Community Connector: AHRQ's Visualization of Community-Level Social Determinants of Health Challenge (SDoH)
- Through developing the tool, we learned there is vast heterogeneity across community needs, outcomes, and data availability. This tool can help users understand community differences and explore similarities.
- In late January 2020, the Agency for Healthcare Research and Quality (AHRQ) announced this tool as the grand prize winner of the AHRQ’s Visualization Resources of Community-Level Social Determinants of Health Challenge.
- This tool provides further resources and opportunities for communities to use SDoH data when identifying intervention opportunities.
Clinical care accounts for a small part of the factors that affect population health. The rest is determined by social determinants of health (SDoH)—social, behavioral, and environmental factors that interact dynamically to keep people healthy. Many tools, such as the Opportunity Atlas, the City Health Dashboard, and the Robert Wood Johnson Foundation rankings, describe the social needs of populations but do not integrate a variety of federal, state, and local data sources and summarize only one community at a time, limiting the potential for peer-to-peer, comprehensive learning. Thus, we sought to build a common definition of local SDoH and a way to identify communities with similar needs and demographics, particularly those that have had success in addressing social needs and improving health and well-being.

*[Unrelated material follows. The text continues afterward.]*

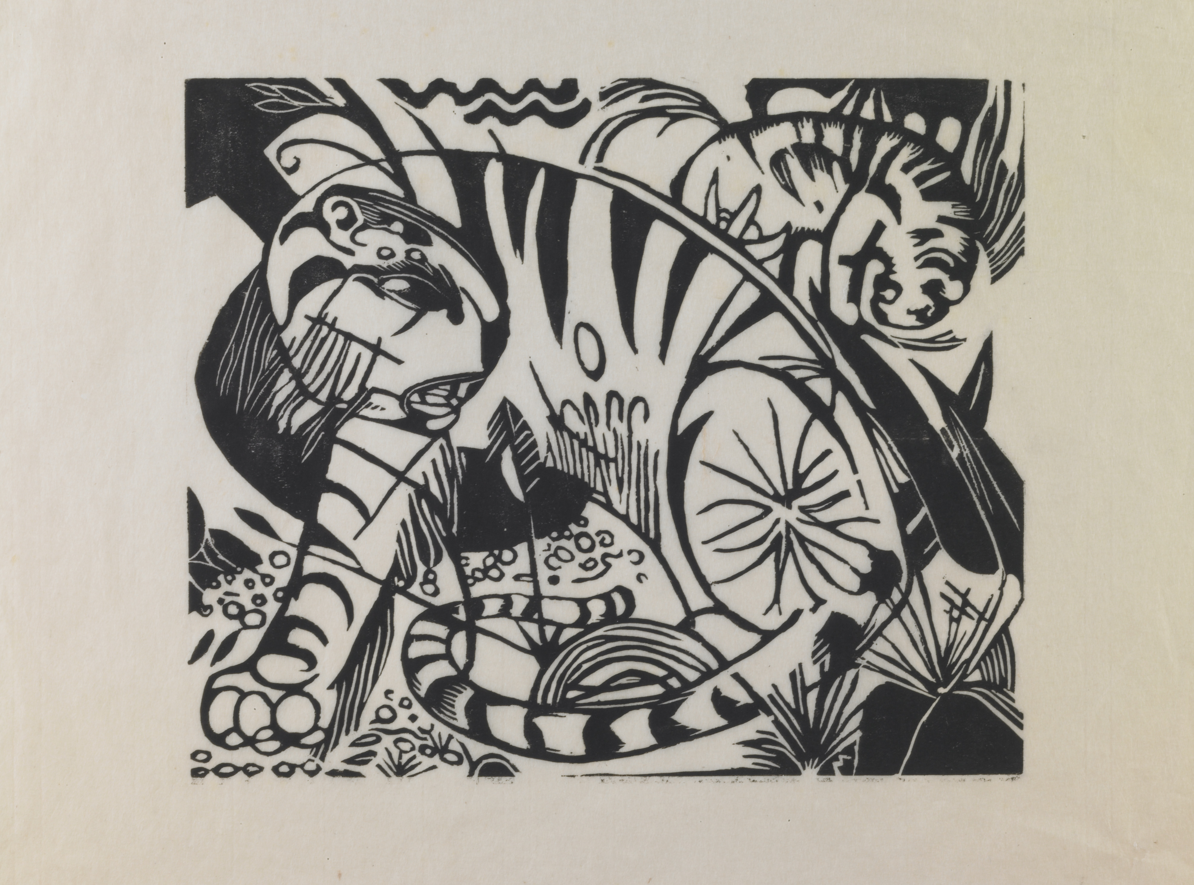 This rare woodblock print comes from one of the most important moments of Franz Marc's short career after he encountered French Cubism and Futurism. The crouching tigers in tropical vegetation are conceived through bold forceful lines and simplified rhythmic shapes. Marc used a vocabulary that was non-naturalistic in an attempt to depict the essence and spirit of the animals and to show them in unity with their natural surroundings. He ascribed a spiritual purity to wild animals that he found lacking in man.

Our Community Connector tool is designed to summarize a community’s social needs in one picture, or fingerprint; identify communities with similar fingerprints; and compare communities across key indicators of health care utilization and cost. This fingerprint is based on outcome-agnostic county-level scores for six domains of SDoH identified by the Kaiser Family Foundation. We used sparse principal component analysis to determine which variables would be used in the defined SDoH scores and assigned additional variables that were not selected by this approach based on prior knowledge and strong association with the health outcomes. Each of the domain scores are a weighted average of the selected, normalized variables. The tool also provides a comparison of a county’s fingerprint to other counties with similar demographic and nonmodifiable SDoH characteristics, where the similarity is determined using a Lasso regression model.
We collected open-source federal, state, and local data for the state of Colorado and targeted health outcomes related to obesity, diabetes, and kidney disease for the prototype. We used data sources such as the Colorado Department of Public Health and Environment and the Centers for Disease Control and Prevention’s Diabetes Atlas. With additional time and funding, the tool can expand and scale nationally and present analyses on a larger set of health outcomes and utilization data.